The Urban Institute recently investigated how the housing market has changed 50 years after the Fair Housing Act was passed in 1968. As with the recent review of the Kerner Report, the Urban Institute found that things have not changed much.
"We’ve made important progress since 1968, but we can’t claim to have vanquished housing discrimination or reversed its pernicious effects." – @maturner #FHAct50 https://t.co/nA06JvGOEi— Urban Institute (@urbaninstitute) April 3, 2018
“Until 1968, landlords could legally refuse to rent to African Americans and other people of color, and homeowners and real estate agents could refuse to show or sell them homes,” wrote Margery Austin Turner in the Institute's report. “Banks could deny mortgage loans based on a homebuyer’s race or a neighborhood’s racial mix. And white communities could pass zoning and land-use restrictions designed to keep people of color out.
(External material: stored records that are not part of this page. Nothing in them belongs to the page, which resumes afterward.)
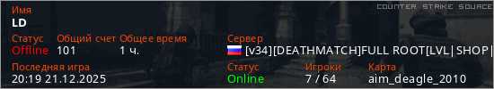 Играет на Counter Strike Source сервере. Страна: РоссияПервый раз замечен 16:05 13.12.2024
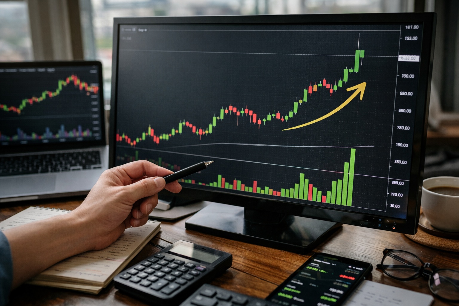 仮にA社の株価が1,200円前後で2か月近く上値を抑えられていたとします。直近20日平均出来高は30万株です。ある日、決算で営業利益の上方修正を発表し、株価は1,240円の抵抗帯を終値1,278円で明確に突破、出来高は110万株でした。平均の約3.7倍です。売買代金も十分にあり、引けは高値近辺でした。
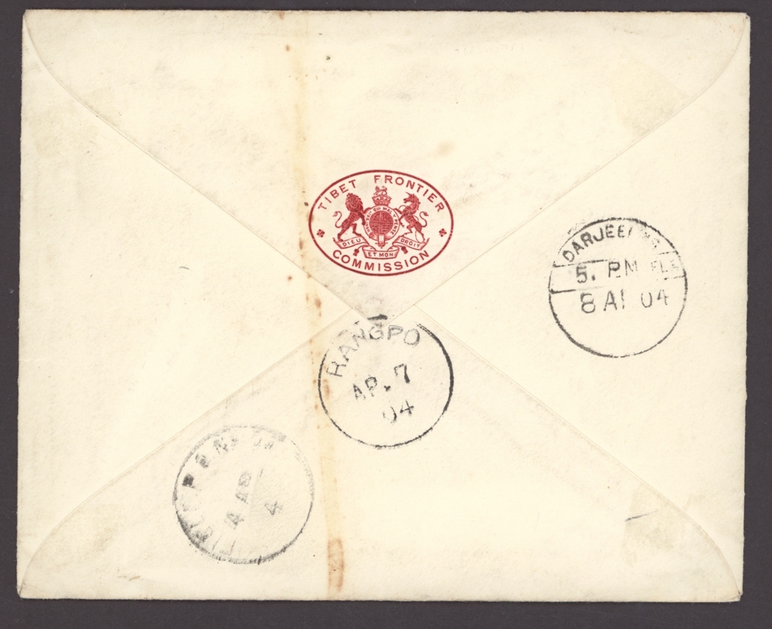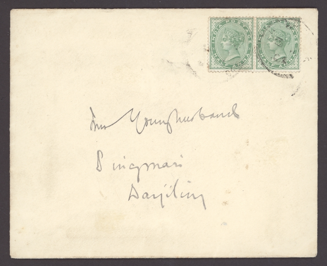 Field P.O. No.25: 1904 (3 Apr.) Younghusband envelope to Darjeeling bearing India Q.V. ½a. pair tied by indistinct strikes of the type B2 "
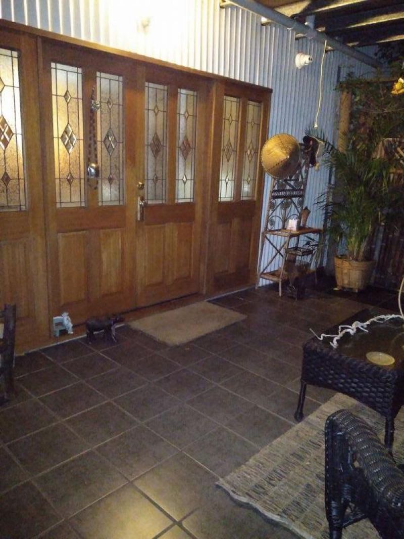 Entrance to main house has delightful courtyard with magnificent lead light doors, leading into large open plan living area & dining area with high ceilings & ceramic tile floor.
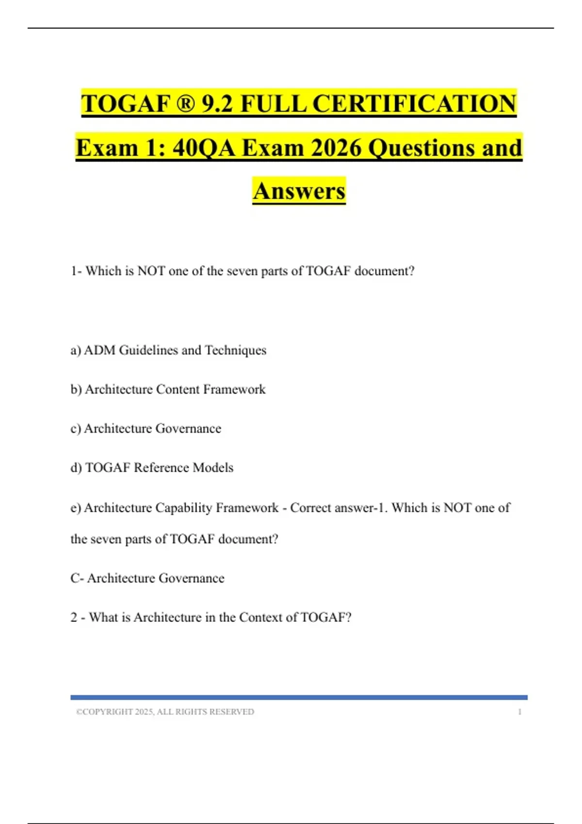 TOGAF ® 9.2 FULL CERTIFICATION Exam 1: 40QA Exam 2026 Questions and Answers
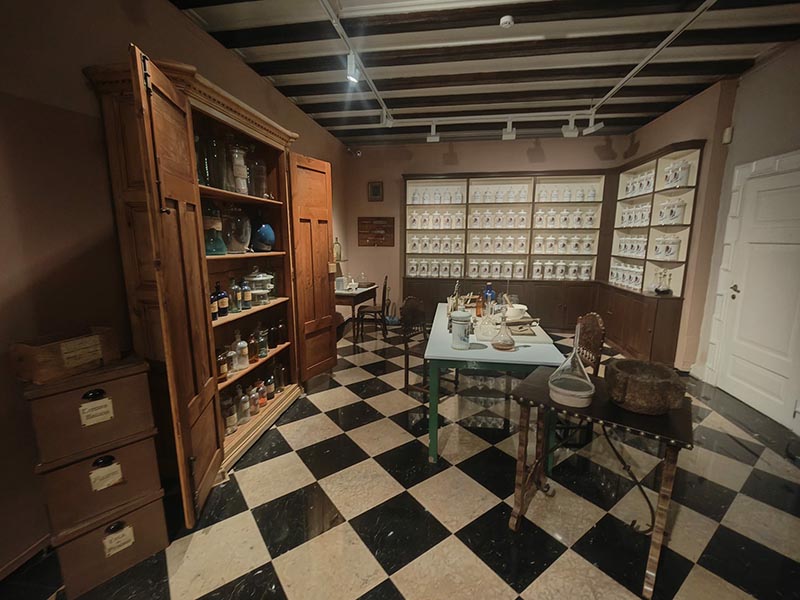 La botica ocupa el ámbito 7 en la exposición. Era el lugar donde se preparaban las medicinas, se guardaban los productos necesarios para su elaboración y se despachaban. Allí se atendían las prescripciones dadas por los médicos y cirujanos en sus visitas a los enfermos. De la farmacia del Hospital de Gracia no se conserva casi nada, salvo albarelos y morteros sueltos en colecciones particulares y parte de la documentación. La farmacia del Hospital Provincial es propiedad de la Diputación de Zaragoza, y se mantiene tal y como se renovó en 1881 con todo su mobiliario, instrumental y botamen originales.
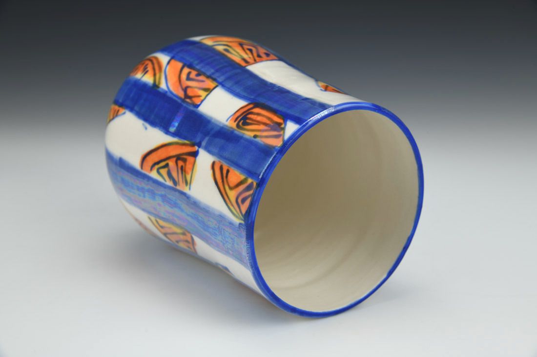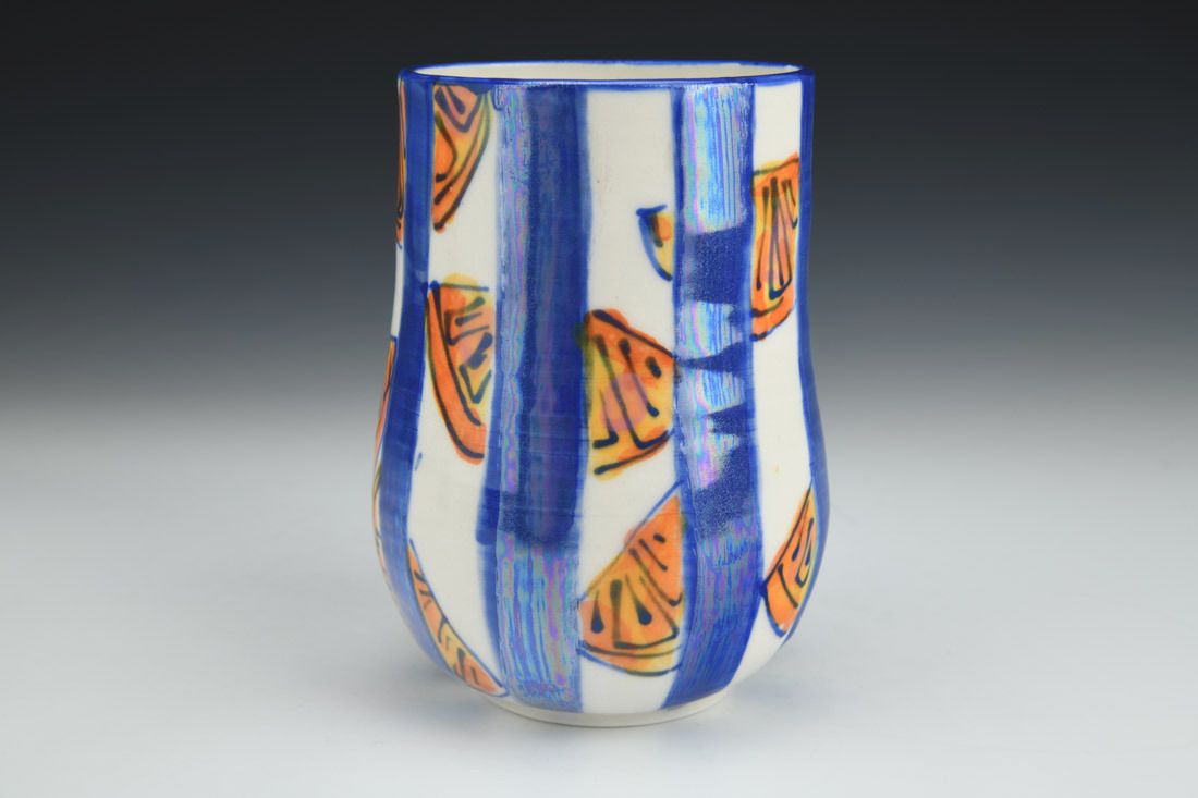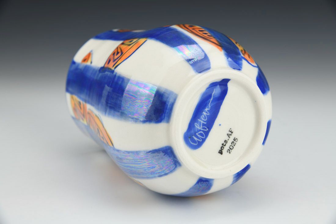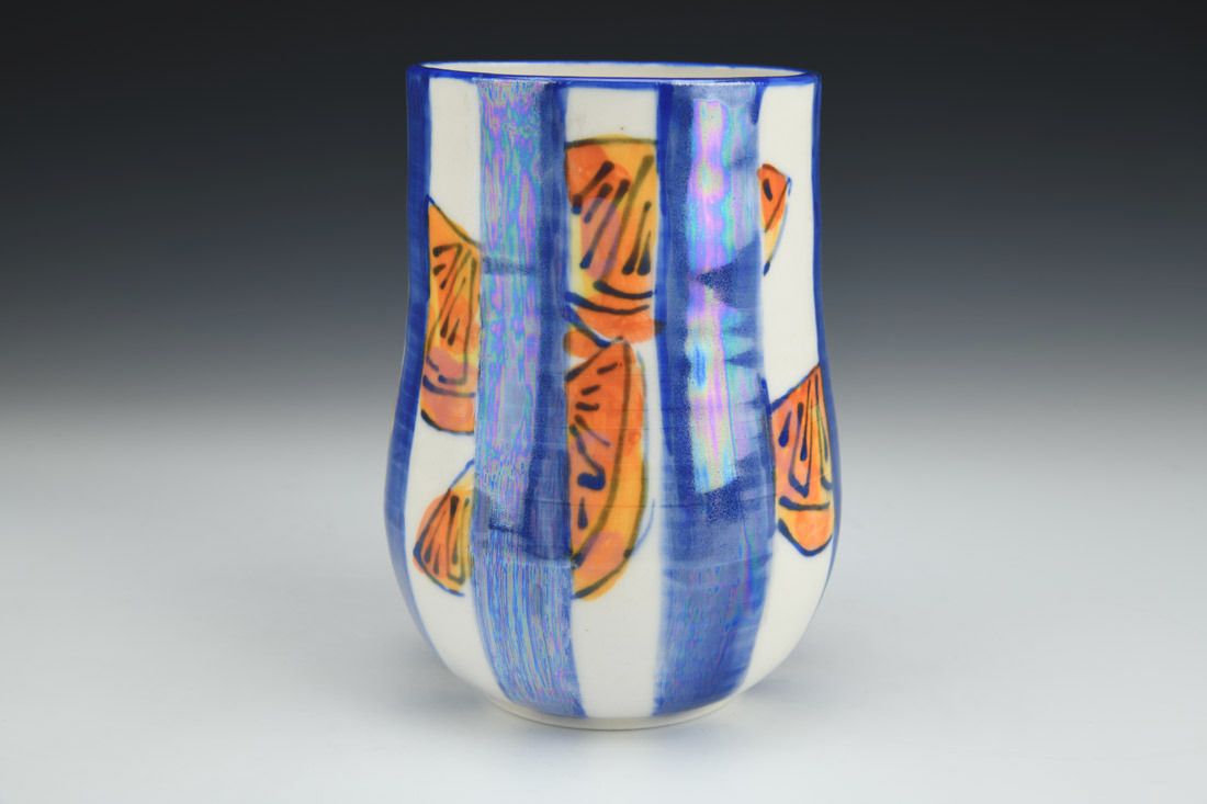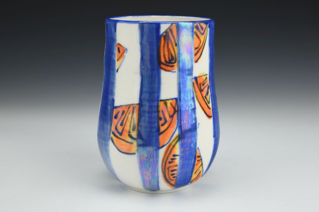 Porcelain, wheel thrown, hand painted, mother of pearl luster, cone 6 oxidation fired, 6.25 x 4.25 x 4.25 inches.

The federal Fair Housing Act declared these practices illegal, protecting people from discrimination when they are renting or buying a home or applying for a mortgage loan.”
Following the passing of the Fair Housing Act, African American homeownership rose to almost 50 percent … until the dawn of the new millennium.
“From 2000 to 2015, that gain was more than erased as forces within and beyond the housing market aligned to reduce the black homeownership rate to 41.2 percent,” stated Urban Institute researchers.
In 2015, white homeownership rates were about 64 percent. However, in 2015, black homeownership rates unfortunately mirrored the ones back in 1968.
The blatant discrimination may not be present, but discrimination is still prominent, with subtle racism helping to depress black homeownership rates. A 2012 HUD report on housing discrimination found that people of color are not notified of as many available homes and apartments as their white counterparts, are, for instance.
Neighborhood segregation is also a significant factor in these numbers.
"A typical white person lives in a neighborhood that is 75 percent white and 8 percent African American, while a typical African American person lives in a neighborhood that is only 35 percent white and 45 percent African American," reads a report from the US Partnership on Mobility from Poverty.
Going forward, the Urban Institute stresses the importance of making fair housing a priority for the federal government. The courts have already put such pressure on HUD Secretary Ben Carson.